MESA Global Academy Scholarship Award for 2021-2022
MESA Global Academy Scholarship Award for 2020-2021
MESA Global Academy Travel Award to attend NYU (Kevorkian Center): Mid-Atlantic Ottomanist Workshop, March 27-29, 2020

Research

The current research project I am working on is a critical overview of the mainstream historiography of the Turkish War of Independence, a critical period that lay the foundation for the establishment of the first modern democratic country in the Middle East. During the last decade of the Ottoman state, the country was ruled by the modernist CUP with its strong nationalist tendencies. Almost all of the young officers in the Ottoman army were affiliated with CUP. After the end of World War I, Istanbul was occupied by British, French, and Italian forces and the Ottoman government became a weak structure governed by the Occupying Forces.
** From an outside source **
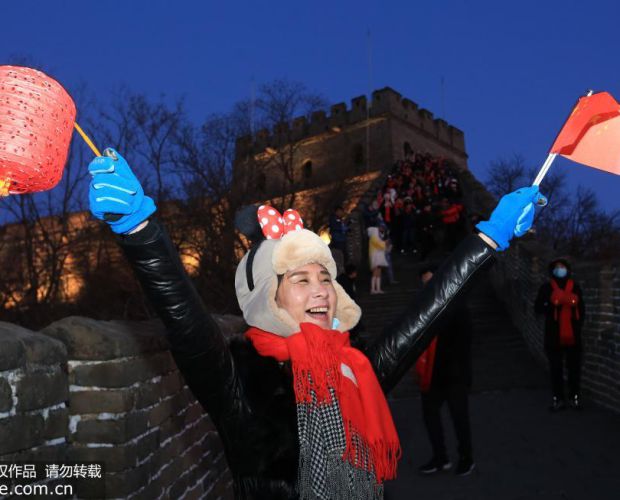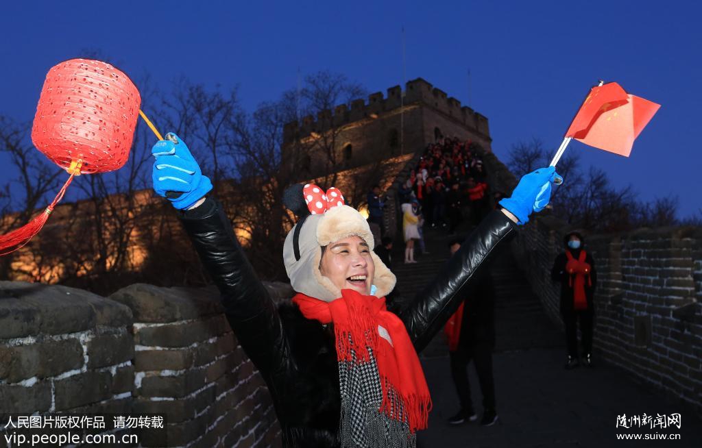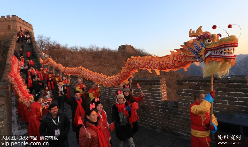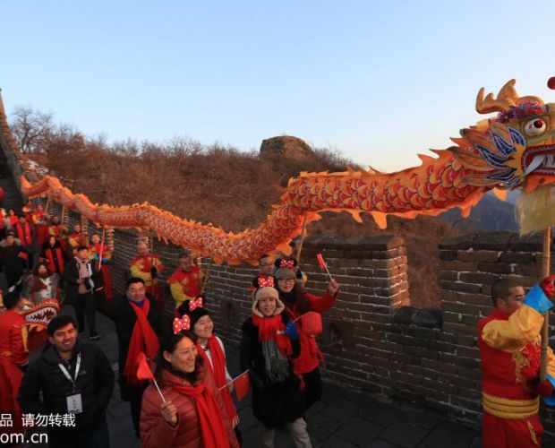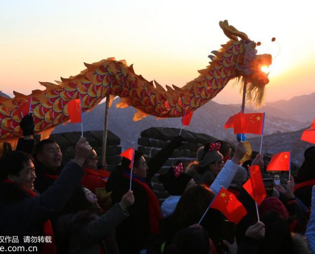 2020年1月1日,北京怀柔慕田峪长城举办“慕御初光·好运长城”元旦观日出活动。众多市民以及来自国外的友人登高远眺,在古长城观看舞龙舞狮,迎接2020年元旦第一缕阳光。共同祝福伟大祖国繁荣昌盛。

Following the occupation, CUP leaders escaped the country, leaving behind a secret organization in Istanbul (Karakol) and organizers of local resistance in Anatolia. Karakol emerged as a secret security and resistance group in 1918 among the members of the dissolved CUP, eventually becoming a secret organization that supported the War of Independence in Anatolia. 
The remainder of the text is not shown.